7. The method according to claim 6, characterized in that Determining the comprehensive risk index based on the first risk index, the second risk index, and the angle includes: The comprehensive risk index is determined according to the following formula: R=(1+k·cos 2 θ)·(w1·R1+w2·R2) In the formula, R is the comprehensive risk coefficient, R1 and R2 are the first risk index and the second risk index respectively, w1 and w2 are preset weight coefficients respectively, θ is the angle, and k is a preset adjustment coefficient.
8. The method according to claim 2, characterized in that When the comprehensive risk index is greater than the preset risk threshold, risk warning information is generated, including: When the comprehensive risk index is greater than a preset risk threshold, the risk warning information is generated, wherein the risk warning information at least includes: the position of the sonar sensing ring that collects the sonar data corresponding to the comprehensive risk index, the corresponding collection time, the vehicle type corresponding to the sonar data set to which the sonar data corresponding to the comprehensive risk index belongs, the target speed of the vehicle, and the target distance between the vehicle and the overhead line.
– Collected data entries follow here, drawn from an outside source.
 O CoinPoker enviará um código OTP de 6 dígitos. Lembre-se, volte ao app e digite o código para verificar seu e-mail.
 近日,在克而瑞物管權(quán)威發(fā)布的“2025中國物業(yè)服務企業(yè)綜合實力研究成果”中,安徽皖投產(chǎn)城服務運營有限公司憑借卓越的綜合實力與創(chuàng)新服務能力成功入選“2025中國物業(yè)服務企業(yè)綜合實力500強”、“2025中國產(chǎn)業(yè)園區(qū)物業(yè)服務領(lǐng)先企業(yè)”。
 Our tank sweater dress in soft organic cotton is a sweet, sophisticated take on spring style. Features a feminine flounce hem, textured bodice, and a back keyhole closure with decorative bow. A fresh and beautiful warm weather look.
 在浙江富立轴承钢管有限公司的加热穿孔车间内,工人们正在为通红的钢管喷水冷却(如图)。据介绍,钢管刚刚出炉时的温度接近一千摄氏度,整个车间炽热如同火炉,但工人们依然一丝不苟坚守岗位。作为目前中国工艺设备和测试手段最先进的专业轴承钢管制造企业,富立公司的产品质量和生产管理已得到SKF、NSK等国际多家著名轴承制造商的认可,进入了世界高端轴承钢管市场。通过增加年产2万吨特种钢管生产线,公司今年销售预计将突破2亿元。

9. An overhead line risk identification device, characterized in that: include: An acquisition module is configured to acquire multiple sets of sonar data corresponding to multiple vehicles in the area where the overhead line is located, collected during a target time period, wherein each set of sonar data includes at least: frequency, volume, and driving direction; A clustering module, configured to cluster the multiple sets of sonar data according to frequency to obtain sonar data sets corresponding to different vehicle types; A selection module is configured to determine, for each sonar data set, a frequency-speed relationship and a volume-distance relationship preset for a vehicle type corresponding to the sonar data set; a calculation module configured to determine, for each set of sonar data in the sonar data set, a target speed of the vehicle corresponding to the frequency in the sonar data based on the frequency-speed relationship, and determine a target distance between the vehicle and the overhead line corresponding to the volume in the sonar data based on the volume-distance relationship; The risk determination module is used to determine the comprehensive risk index of the vehicle causing overhead line abnormality based on the driving direction, the target speed and the target distance in the sonar data, and generate risk warning information when the comprehensive risk index is greater than a preset risk threshold.
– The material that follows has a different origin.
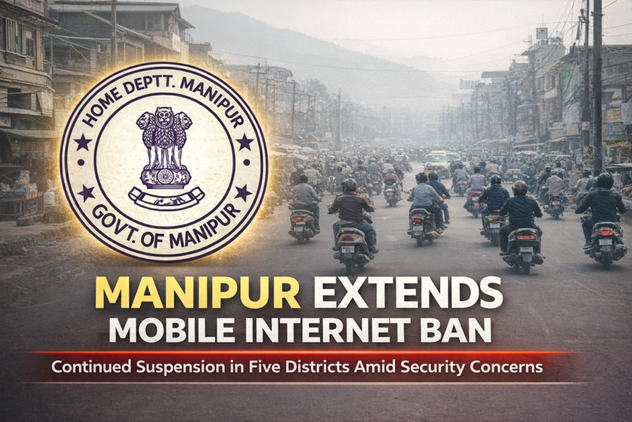 Imphal, April 10, 2026: The Government of Manipur has extended the suspension of mobile internet and data services in five districts—Imphal West, Imphal East, Thoubal, Kakching, and Bishnupur—for an additional two days, starting from 2:00 PM on April 10, 2026.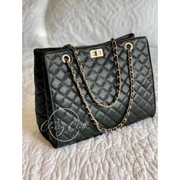 The Kelly Quilted Shoulder Handbag has a wide base, beautiful soft quilted faux leather, and a textured chain intertwined with the same fabric the bag is made with. It takes texture to the next level, while providing ample space inside for all the things! 4 Gold eyelet holds on each side allow for the purse to close tight when the chain strap is either doubled for carrying like a handbag or pulled tight through one side to extend as a long shoulder bag. Metal clasp closure secures the top!

10. A computer program product, characterized in that include: A computer program, wherein when the computer program is executed by a processor, the overhead line risk identification method according to any one of claims 1 to 8 is implemented.
11. An electronic device, characterized in that: include: A memory and a processor, wherein the memory stores a computer program, and the processor is configured to execute the overhead line risk identification method according to any one of claims 1 to 8 through the computer program.